Maybe it's a bit of trouble, but I think that, if I had the appropriate OCR software to do this sort of work, I would be reluctant to undertake it, knowing that another person was doing the same scan conversion at the same time.
Best regards to the directors and to all the wonderful volunteers with Project Runeberg.
Erik Bjørn Pedersen Victoria, BC, Canada
sön 2005-01-16 klockan 10.04 skrev Erik B. Pedersen:
One possible problem which this procedure does not address, I think, is what in a database is sometimes called the updating anomaly. Suppose Jörg Vetenskaper and Frederik Pedant both happen to download the same text for OCR conversion, and therefore duplicate the work. It may seem unlikely, but if unnecessary duplication of effort can be avoided, it would be best to do so.
Is it possible to add a mechanism to the http://runeberg.org/upload.pl?mode=ocrlist page that records which files have been "checked out" for OCR conversion, so that no one else will download the same work unnecessarily?
I'm considering this. I don't want to lock the work outright (everyone that wants to should be able to download the images), but perhaps there should be some kind of mechanism to state when you are downloading the images that you plan to run OCR, and if someone does this for a work, subsequent downloaders are told this for a certain period after that.
Another point might be to somehow record the name and email address of the person who downloads a ZIP file of images, and then have a method to automatically send that person a friendly email periodically, say every fortnight, requesting a progress report, until such time as the corresponding OCR files are eventually uploaded.
I can imagine people downloading the tiff images for other purposes than doing OCR (getting at high-resolution illustrations, perhaps), so I don't think this is a good idea.
Maybe it's a bit of trouble, but I think that, if I had the appropriate OCR software to do this sort of work, I would be reluctant to undertake it, knowing that another person was doing the same scan conversion at the same time.
I don't think this will turn out to be a problem in reality, but we'll see. For now, I'll let this be as it is for a little while and complete another related feature.
I'll get back to this feature in a little while, and hopefully it will then have seen some use so that I have some actual use cases to evaluate it with.
Hans
Hans Persson wrote:
I can imagine people downloading the tiff images for other purposes than doing OCR (getting at high-resolution illustrations, perhaps), so I don't think this is a good idea.

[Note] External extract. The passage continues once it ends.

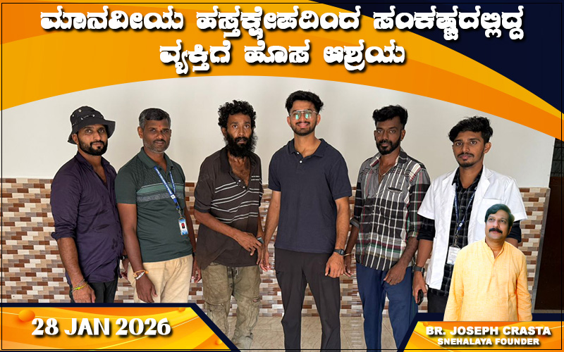 ಈ ಮಾಹಿತಿಗೆ ತಕ್ಷಣ ಸ್ಪಂದಿಸಿದ ಸ್ನೇಹಾಲಯದ ರಕ್ಷಣಾ ತಂಡವು ಸ್ನೇಹಾಲಯದ ಟ್ರಸ್ಟಿಯವರಾದ ಶ್ರೀ ಜೋವಿಯಲ್ ಕ್ರಸ್ಟ ಅವರ ನೇತೃತ್ವದಲ್ಲಿ ಯಾವುದೇ ವಿಳಂಬವಿಲ್ಲದೆ ಸ್ಥಳಕ್ಕೆ ಆಗಮಿಸಿ, ಸೂಕ್ತ ಸಂವೇದನಾಶೀಲತೆ, ಮಾನವೀಯ ಕಾಳಜಿ ಹಾಗೂ ವೃತ್ತಿಪರ ಕ್ರಮಗಳೊಂದಿಗೆ ಶ್ರೀ ಸಾರನ್ ಅವರನ್ನು ಸುರಕ್ಷಿತವಾಗಿ ರಕ್ಷಿಸಿತು. ರಕ್ಷಣೆಯ ನಂತರ, ಮುಂದಿನ ಆರೈಕೆ, ರಕ್ಷಣೆ ಮತ್ತು ಸಮಗ್ರ ವೈದ್ಯಕೀಯ ಮೌಲ್ಯಮಾಪನಕ್ಕಾಗಿ ಜನವರಿ 25, 2026 ರಂದು ಅವರನ್ನು ದಾಖಲಿಸಲಾಯಿತು. ಪ್ರಸ್ತುತ ಶ್ರೀ ಸಾರನ್ ಅವರನ್ನು ಸುರಕ್ಷಿತ, ಗೌರವಪೂರ್ಣ ಹಾಗೂ ಆರೈಕೆಯ ವಾತಾವರಣದಲ್ಲಿ ಇರಿಸಲಾಗಿದ್ದು, ಅವರ ತಕ್ಷಣದ ಅಗತ್ಯಗಳನ್ನು ಪೂರೈಸುವ ಜೊತೆಗೆ ಅವರ ಮಾನಸಿಕ ಮತ್ತು ದೈಹಿಕ ಸ್ಥಿತಿಗೆ ಅನುಗುಣವಾಗಿ ಅಗತ್ಯ ಬೆಂಬಲ ಮತ್ತು ಚಿಕಿತ್ಸೆ ಪ್ರಾರಂಭಿಸಲಾಗಿದೆ.
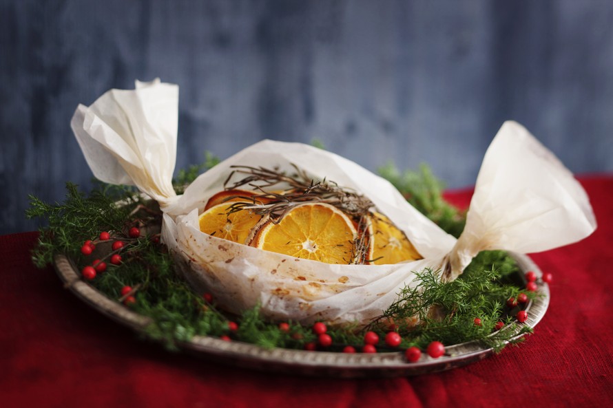 Aseta lantut SAGA Leivinarkin päälle. Nosta kalkkunanrinta lanttujen päälle. Lisää kalkkunan päälle viipaloidut appelsiinit sekä timjamin ja rosmariinin oksat. Kääri paperi sitten tiukaksi ja mahdollisimman tiiviiksi paketiksi.

Yes, volunteering for OCR should be kept separate from downloading the TIFFs. The two are not necessarily connected.
Erik B. Pedersen wrote:
One possible problem which this procedure does not address, I think, is what in a database is sometimes called the updating anomaly. Suppose Jörg Vetenskaper and Frederik Pedant both happen to download the same text for OCR conversion, and therefore duplicate the work. It may seem unlikely, but if unnecessary duplication of effort can be avoided, it would be best to do so.
You're right. One way to avoid this could be:
1. Register a user identity and log in. (To be implemented.) 2. Sign up for OCRing a work. Your user ID and the date-time is recorded as a volunteer for OCR of this work. 3. If you haven't uploaded the results within 7 days, a reminder e-mail is sent to you and after 14 days, your name is removed so another user can volunteer for OCRing of the same work.
This could of course be a generic mechanism for any kind of work that takes longer than proofreading a single page.
Right now this stops at point 1, which someone (Erik? Hans?) has to implement. We have been talking about this among ourselves for ages already. (A bad sign: I've bought this book on "Procrastination", but I haven't found time to read it yet.)
Best regards to the directors and to all the wonderful volunteers with Project Runeberg.
Thank you!
On 16-Jan-05, at 10:06 AM, Lars Aronsson wrote:
Suppose Jörg Vetenskaper and Frederik Pedant both happen to download the same text for OCR conversion, and therefore duplicate the work. -- Erik Pedersen
You're right. One way to avoid [the updating anomaly] could be:
- Register a user identity and log in. (To be implemented.)
- Sign up for OCRing a work. Your user ID and the date-time is recorded as a volunteer for OCR of this work.
- If you haven't uploaded the results within 7 days, a reminder e-mail is sent to you and after 14 days, your name is removed so another user can volunteer for OCRing of the same work.
This could of course be a generic mechanism for any kind of work that takes longer than proofreading a single page.
This seems to be a better solution than my initial suggestion to remind EVERY downloader, since, as Hans Persson pointed out, there may be other legitimate reasons to download an image file than a commitment to OCR-convert it.
Right now this stops at point 1, which someone (Erik? Hans?) has to implement. We have been talking about this among ourselves for ages already. (A bad sign: I've bought this book on "Procrastination", but I haven't found time to read it yet.)
Ha! That's funny . . .
Regards, Erik